With this command we create a temporary file with the content of our variable. This way the credential file is gone after the execution of the pipeline:
echo $VARIABLE > ./your/path/filename.ts
Deployment variables:
Here at WATA Factory, to meet our clients’ needs and deliver excellent quality, we require different environments, from dev stage to production without forgetting a much-needed testing environment. Different environments require different credentials or other kinds of flags. To solve this issue Bitbuckets offers deploymeny variables.
These variables work the same way as repository variables, but you need to specify in the pipeline to which environment you are referring to.
To create the deployment variable just:
- Go to ‘Repository settings > Deployments’
- Create a new environment under your desired section (test, staging or production)

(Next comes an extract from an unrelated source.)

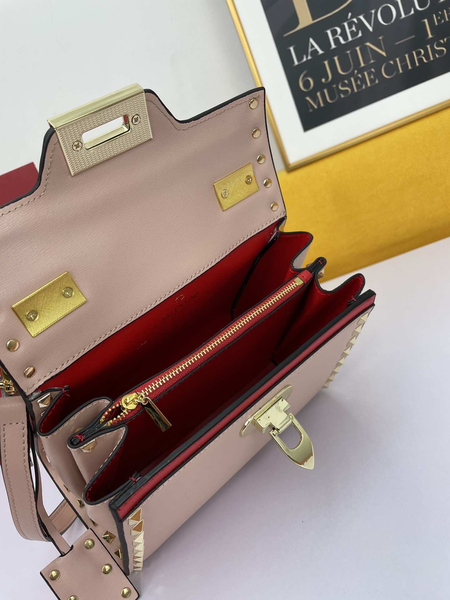 Red lambskin leather lining, interior: compartmentalized design with a zipper pocket and a flat pocket

- Add a new variable the same way we did in repository variables
- Specify in your step pipeline which environment you are referring to:
image: cypress/base:20.11.0
definitions:
steps:
- step: &install-and-check
name: Installation and Static Analysis
caches:
- node
script:
- npm install
artifacts:
- node_modules/**
- step: &test
name: Run tests with coverage
caches:
- node
script:
- npm run test -- --coverage
- node_modules/.bin/cypress install --force
- echo $CREDENTIALS > ./cypress/properties/credentials.ts
- node_modules/.bin/cypress run --component --env coverage=true
- node_modules/.bin/cypress run --env PLUGIN_ENABLED=false
artifacts:
- coverage/**
- coverage-component/**
- cypress-image-diff-html-report/**
- cypress-image-diff-screenshots/**
- step: &sonar
name: SonarQube analysis
image: sonarsource/sonar-scanner-cli:latest
script:
- sonar-scanner -Dsonar.projectKey=Gesa-Dashboard---Angular -Dsonar.host.url=$SONAR_URL -Dsonar.login=$SONAR_SECRET -Dsonar.javascript.lcov.reportPaths=coverage/lcov.info,coverage-component/lcov.info
- step: &deploy
name: Deploy
script:
- npm run build -- --base-href /dashboard_ang/ --output-hashing=all --aot --configuration=$DEPLOYMENT_PROFILE
- ssh $FTP_USERNAME@$FTP_HOST -p222 'mkdir -p ~/public_html/dashboard_ang'
- scp -P 222 -r dist/new_angular_poc/browser/* $FTP_USERNAME@$FTP_HOST:~/public_html/dashboard_ang/
pipelines:
branches:
develop:
- step:
<<: *install-and-check
- step:
deployment: automatictesting
<<: *test
- step:
<<: *sonar
custom:
deploy-company1-dev:
- step:
<<: *install-and-check
- step:
name: Deploy to Company 1
deployment: company1
<<: *deploy
deploy-at:
- step:
<<: *install-and-check
- step:
name: Deploy to AT
deployment: automatictesting
<<: *deploy
As you can see, under the pipelines section we set the environment and in which step will be used. The name of the step is defined higher above.
As an important warning: Naming a deployment variable with the same name as a repository variable will overwrite the value.